The dollar hit its highest level in 20 years, following the strict statements Federal Reserve Chairman Jerome PowellBy continuing to raise interest rates to reach the inflation target of 2%.
For his part, IG financial analyst Montaser Safi El-Din said that Jerome Powell’s words were short and clear that there will be a rise in the interest rate, but it will stop for a longer period, once morest market expectations of a rate cut at the beginning of next year.
Safi Al-Din added, in an interview with Al-Arabiya, today, Monday, that Jerome Powell mentioned the word inflation 50 times, while he mentioned jobs and the economy below 10 times, and therefore there will be a sacrifice of jobs and the economy at the expense of inflation, pointing to the increasing expectations of the Federal Reserve increasing the interest rate by 75 basis points in September.

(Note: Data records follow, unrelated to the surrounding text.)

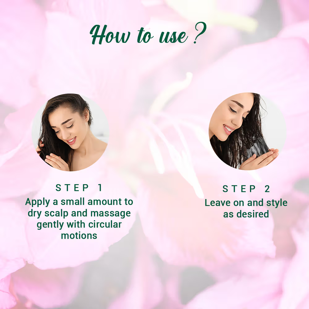 • Apply a small amount to your dry scalp and gently massage in circular motions. Leave it on and style your hair as desired.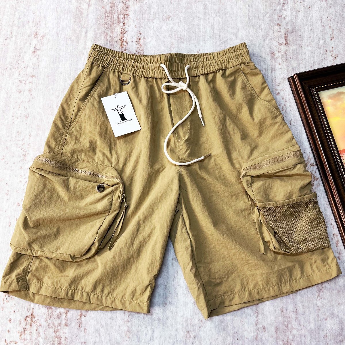 一枚限定 ショートパンツ ロンドン製造 ソフト 通気 薄手 ゆったり シンプル カーゴパンツ ハーフパンツ 短パン ボトムス 夏服 SIZE:L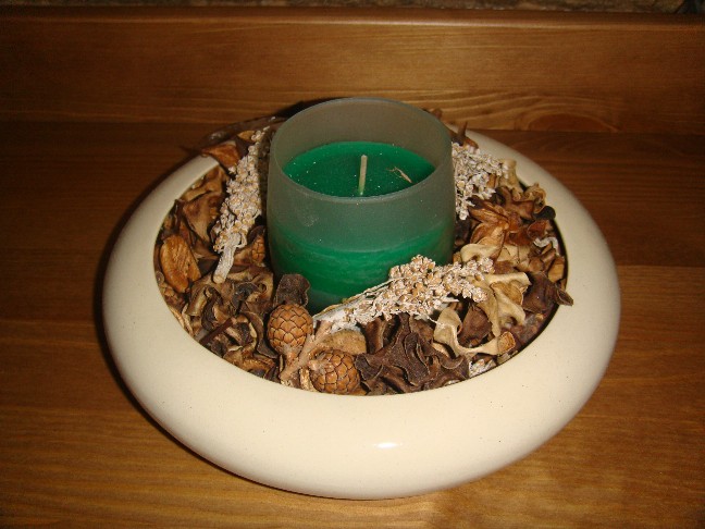 Вот такая композиция получилась у меня из старого керамического блюдца из-под цветов, ароматической свечи и сухоцветов.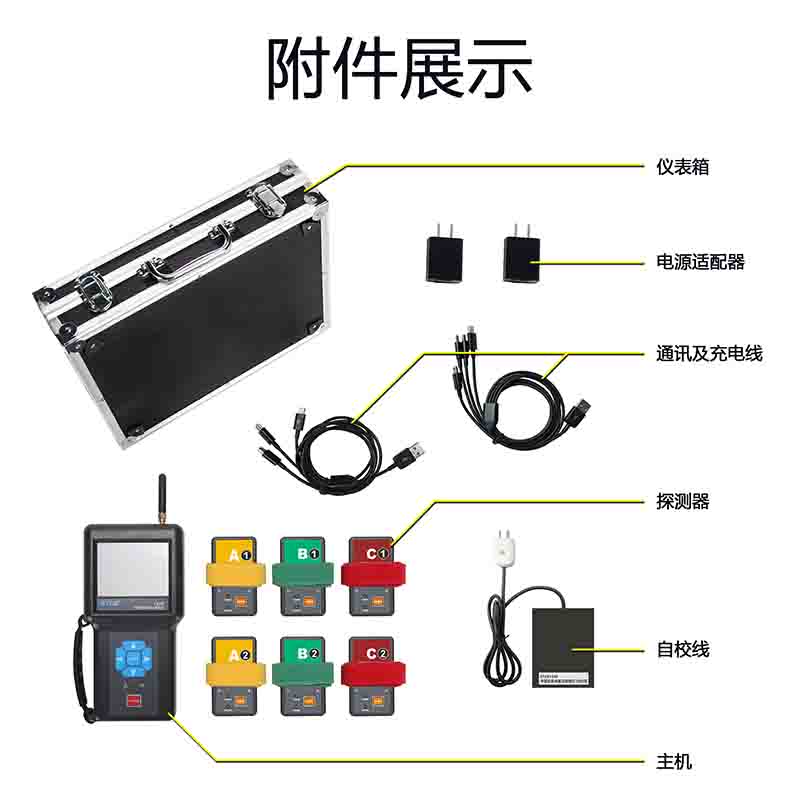 儀表質量 | 主機:約380g(含電池);探測器:約71g×6個(含電池);總質量:約2.57kg(含附件) |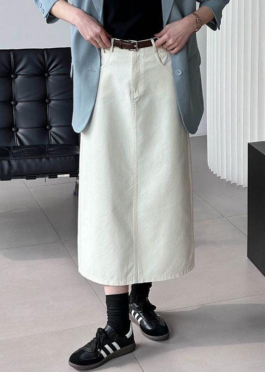 New White Pockets High Waist Cotton Skirt Fall AF1080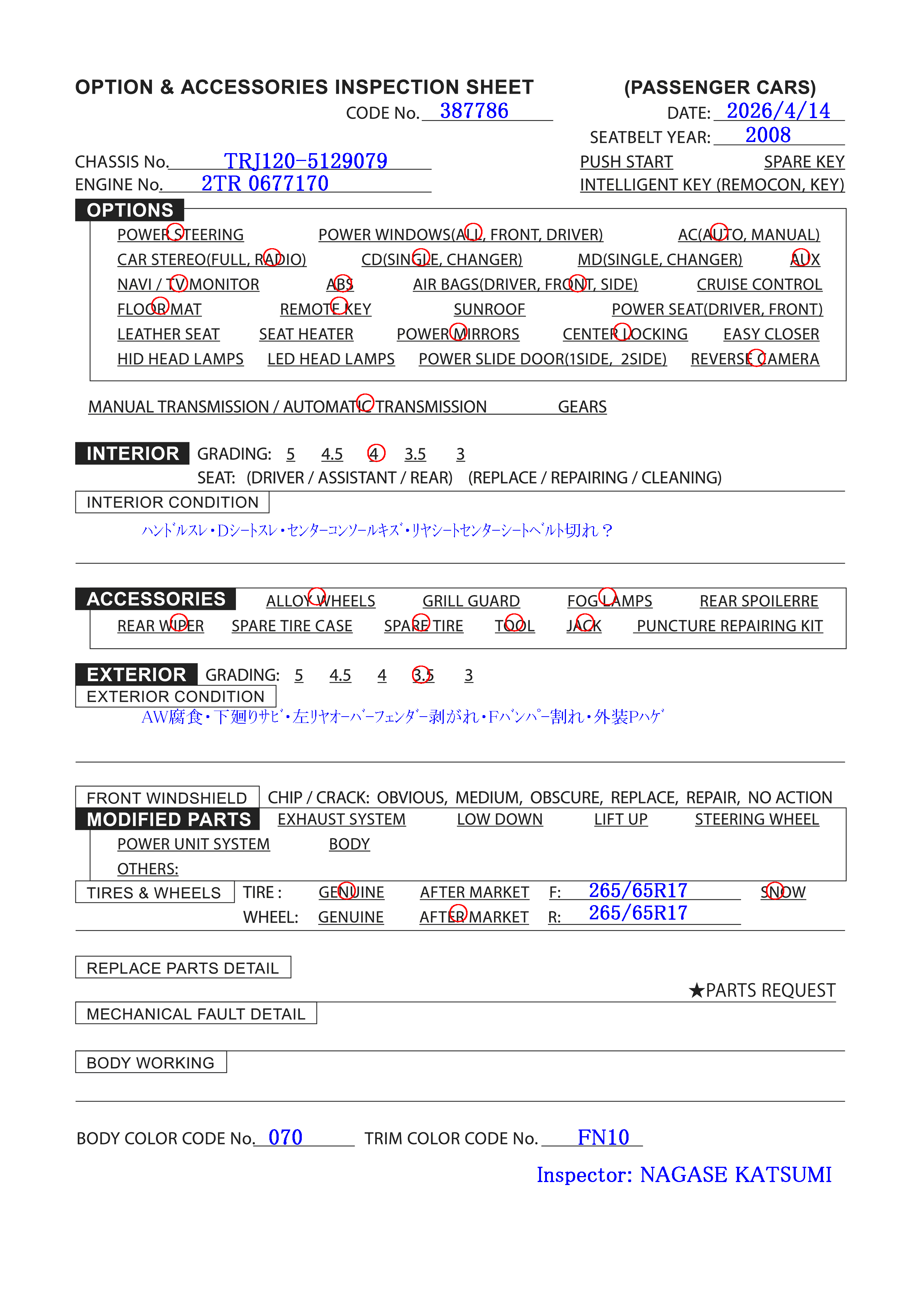 | Chassis: | TRJ120-5129*** |

The dollar consolidated its gains as a safe haven following warnings by Powell that addressing inflation would be painful for US households and companies.
The two-year US Treasury yield rose in the wake of Jerome Powell’s recent comments, reaching 3.49%, the highest level since late 2007, while the 10-year yield was stable at 3.12%, deepening the yield curve inversion.
The dollar index, which measures the value of the US currency once morest a basket of other currencies, rose to a new high it had not reached two decades ago at 109.48.
This left European currencies in the doldrums even though the hawkish European Central Bank’s hawkish comments boosted expectations of a rate hike in September.
The euro fell 0.25% in early European trade to $0.99415, close to its lowest level in 20 years, while the pound fell to its lowest level in two and a half years.
Speaking at a central bank symposium in Jackson Hole, Wyoming, on Friday, Powell said that the Federal Reserve will raise interest rates to the highest level necessary to restrain growth, and will keep them at that level “for some time” to reduce inflation, which has reached more than three times the Fed’s target rate of 2%.
And US Treasury yields rose, as the two-year bond yields reached their highest level in 15 years at regarding 3.49%, which contributed to strengthening the dollar index.
The dollar rose 0.8 percent to 138.81 yen following hitting its highest level since July 21, while the yuan fell to a two-year low of 6.9321 per dollar.
The British pound fell to its lowest level in two and a half years at $1.1649, before finally falling 0.5% to $1.1676.
With risk aversion dominating global markets, the Australian and New Zealand dollars were negatively affected by selling pressure.
The Australian dollar fell to $0.6838, its lowest level since July 19, while the New Zealand dollar fell to its lowest level since mid-July at $0.61.
As for cryptocurrencies, Bitcoin recovered some of its value but remained below the $20,000 level.